Hayrettin Karaman kazandı çünkü...

Kendi penceresinden görüp de söylenebilecek en güzel ve doğru sözü söyledi...

Dün gece Balçiçek İlter'in konuk ettiği İsmail Nacar'ı dinledikten sonra Hayrettin Karaman değerinde din adamlarına nasıl da ihtiyacımız olduğunu çok daha iyi anladık...
Hayrettin Karaman inançlarını ve inandığı dinin kutsal kitabının gerekliliklerini anlattı...

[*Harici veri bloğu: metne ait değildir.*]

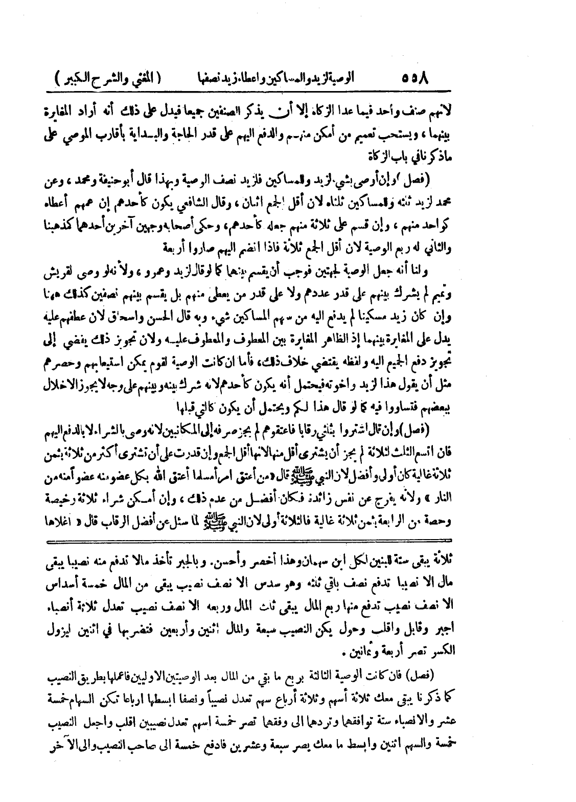 (فصل) فإن كانت الوصية الثالثة بربع ما بقي من المال بعد الوصيتين الأوليين فاعملها بطريق النصيب كما ذكرنا يبقى معك ثلاثة أسهم وثلاثة أرباع سهم تعدل نصيباً ونصفاً ابسطها أرباعاً تكن السهام خمسة عشر والأنصباء ستة توافقهما وتردهما إلى وفقهما تصر خمسة أسهم تعدل نصيبين اقلب واجعل النصيب خمسة والسهم اثنين وابسط ما معك يصر سبعة وعشرين فادفع خمسة إلى صاحب النصيب وإلى الآخر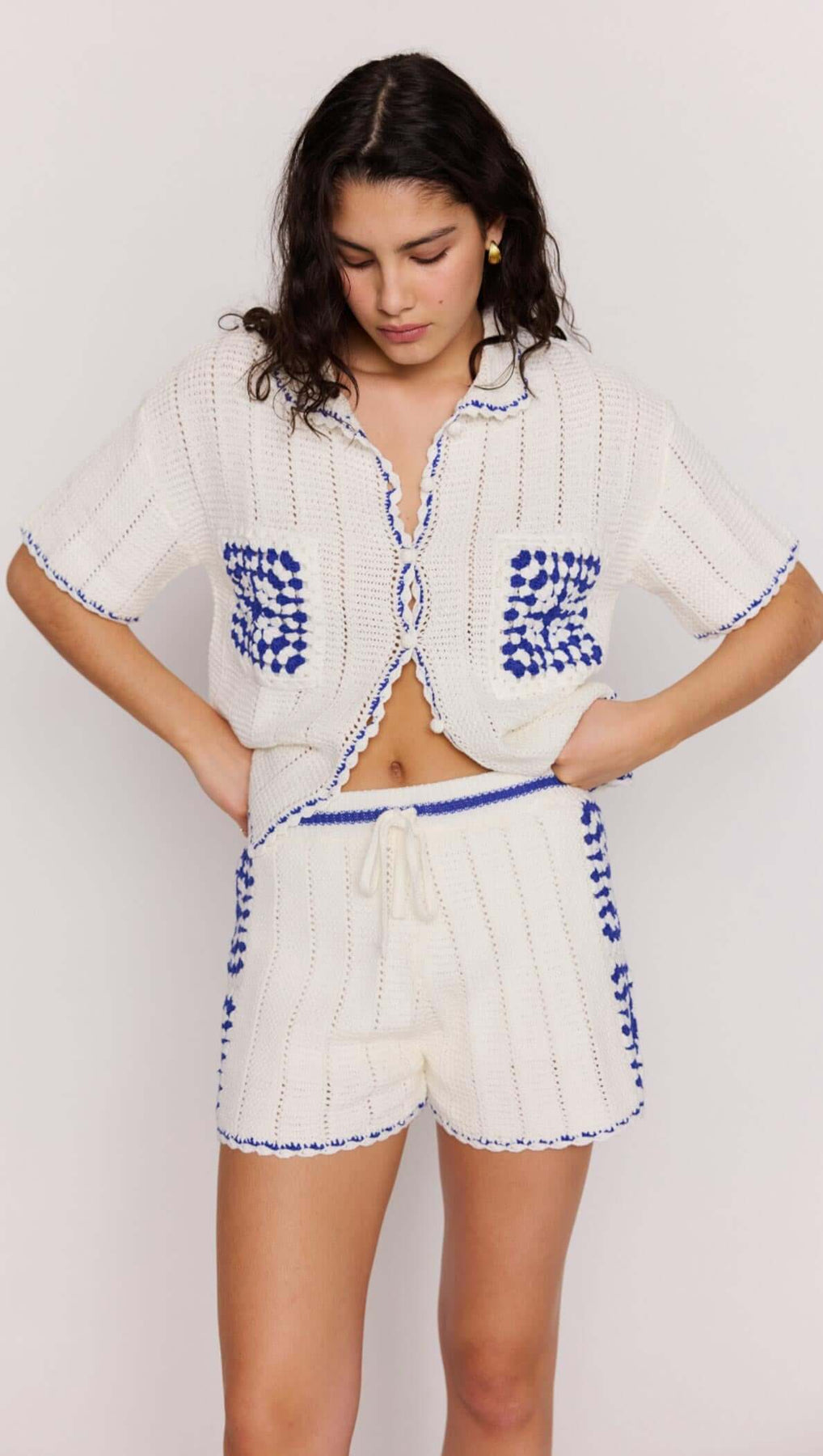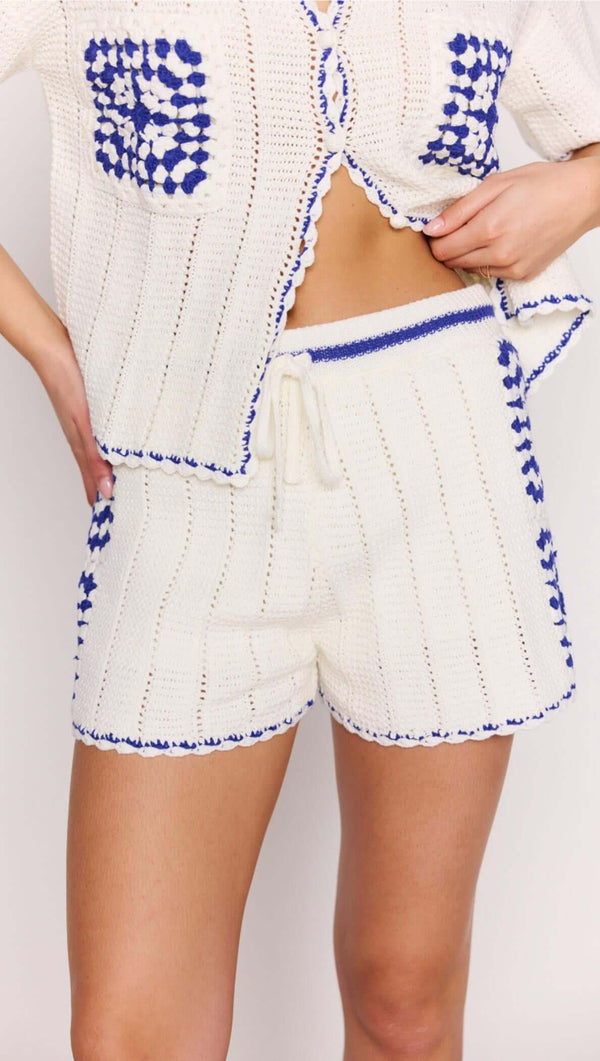 Your new off-duty favourite. These Avalon Blue & White Cotton Crochet Knit Shorts feature a comfortable elastic waist with drawstring tie and a relaxed fit that’s made for warm-weather days. Designed to pair perfectly with the Avalon Crochet Shirt or styled solo for effortless summer cool.

Kutsal kitabının gerekliliklerini yerine getirmeyenler için değil ama o gerekliliklerin hilafına bir yaşam biçimini tercih edenler için "Hoş göremem" dedi...
Yani...
"Benim gibi düşünmediği ve yaşamadığı için kimseyi aciz yerine koyamam; kimseye küçük çocuk muamelesi yapamam ancak; küçük bir çocuğun yaramazlıklarına tahammül göstermem gerekirmişçesine tahammül gösteririm" mesafını verdi...
En tabii hakkını kullandı...
Kendi penceresinden görüp de söylenebilecek en güzel ve doğru sözü söyledi...
Gelin görün ki "entelektüel" (bu sıfattan da gına geldi çünkü bu sıfat bize her türlü değişim ve gelişime düşman CHP aydınlarını hatırlatıyor) sınıf Hayrettin Karaman'a yapmadığını bırakmadı...
Biz ise bu tartışmadaki dürüst yaklaşımıyla "Hayrettin Karaman Hoca'nın kazandığına inanıyoruz."